Ruszył proces oskarżonych o pomoc w zamurowaniu żywcem biznesmena w Kórniku
W poznańskim sądzie rozpoczął się proces trójki oskarżonych o udział w zbrodni, do której doszło w lipcu 2014 r. w Kórniku, gdzie w jednym z domów znaleziono zamurowane pod posadzką zwłoki porwanego wcześniej biznesmena.
Makabrycznego odkrycia dokonano dość przypadkowo. Policja poszukiwała 52-letniego Tomasza K., który ukrywał się w związku z koniecznością odbycia kary więzienia za oszustwa.
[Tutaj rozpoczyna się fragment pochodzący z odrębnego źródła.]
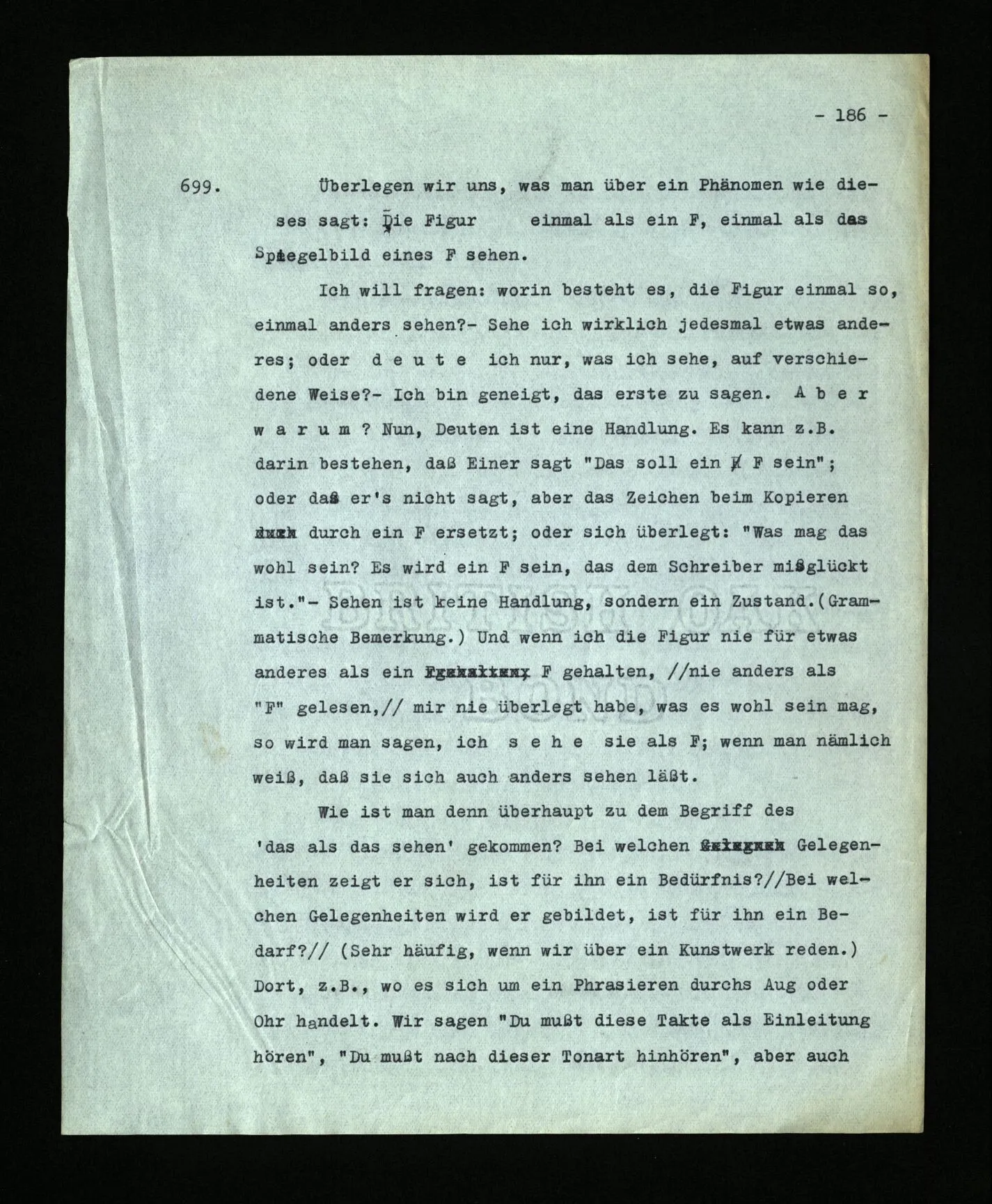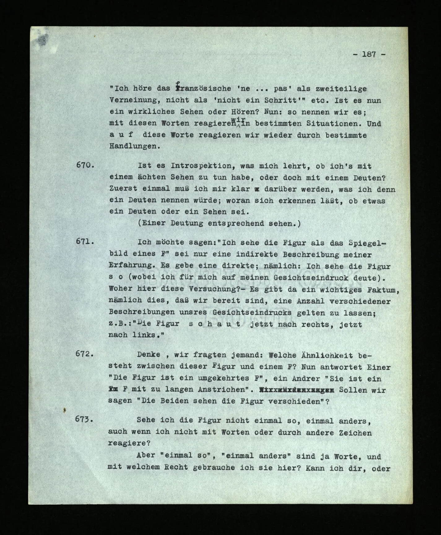 699. Überlegen wir uns, was man über ein Phänomen wie dieses sagt: Die Figur 🖵 einmal als ein F, einmal als das Spiegelbild eines F sehen. Ich will fragen: worin besteht es, die Figur einmal so, einmal anders sehen? – Sehe ich wirklich jedesmal etwas anderes; oder deute ich nur, was ich sehe, auf verschiedene Weise? – Ich bin geneigt, das erste zu sagen. Aber warum? Nun, Deuten ist eine Handlung. Es kann z.B. darin bestehen, daß Einer sagt “Das soll ein F sein”; oder daß er’s nicht sagt, aber das Zeichen beim Kopieren durch ein F ersetzt; oder sich überlegt: “Was mag das wohl sein? Es wird ein F sein, das dem Schreiber mißglückt ist.” – Sehen ist keine Handlung, sondern ein Zustand. (Grammatische Bemerkung.) Und wenn ich die Figur nie für etwas anderes als ein “F” gehalten, mir nie überlegt habe, was es wohl sein mag, so wird man sagen, ich sehe sie als F; wenn man nämlich weiß, daß sie sich auch anders sehen läßt. Wie ist man denn überhaupt zu dem Begriff des ‘das als das sehen’ gekommen? Bei welchen Gelegenheiten zeigt er sich, ist für ihn ein Bedürfnis? (Sehr häufig, wenn wir über ein Kunstwerk reden.) Dort, z.B., wo es sich um ein Phrasieren durchs Aug oder Ohr handelt. Wir sagen “Du mußt diese Takte als Einleitung hören”, “Du mußt nach dieser Tonart hinhören”, aber auch “Ich höre das französische ‘ne … pas’ als zweiteilige Verneinung, nicht als ‘nicht ein Schritt’” etc. Ist es nun ein wirkliches Sehen oder Hören? Nun: so nennen wir es; mit diesen Worten reagieren wir in bestimmten Situationen. Und auf diese Worte reagieren wir wieder durch bestimmte Handlungen.

Udało się go odnaleźć w domu na terenie Kórnika, gdzie poszukiwany ukrywał się w specjalnie skonstruowanej skrytce. W momencie, gdy policjanci próbowali się do niej wejść, mężczyzna postrzelił się w głowę. Odwieziono go do szpitala, gdzie zmarł.
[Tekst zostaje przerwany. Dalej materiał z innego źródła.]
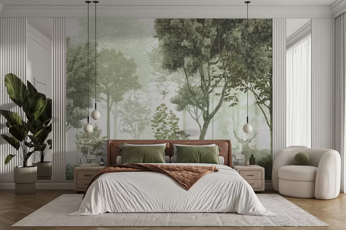 Τοιχογραφίες Μαγικό δάσος στο πράσινο Nr. u72134v2

W trakcie przeszukiwania posesji, gdzie ukrywał się poszukiwany, policjanci odkryli zwłoki innego mężczyzny zabetonowane w posadzce. Jak opisuje Andrzej Borowiak, rzecznik wielkopolskiej policji, zwłoki znajdowały się w pomieszczeniu gospodarczym.
- Wykopano dziurę, w której umieszczono zwłoki mężczyzny. Następnie zostały one zalane betonem – opisywał wtedy Wirtualnej Polsce.
Jak później ustalono, było to ciało 61-letniego biznesmena, który zaginął kilkanaście dni wcześniej. W tej sprawie zatrzymano trzy osoby – żonę Tomasza K., jej brata oraz ich wspólnego znajomego.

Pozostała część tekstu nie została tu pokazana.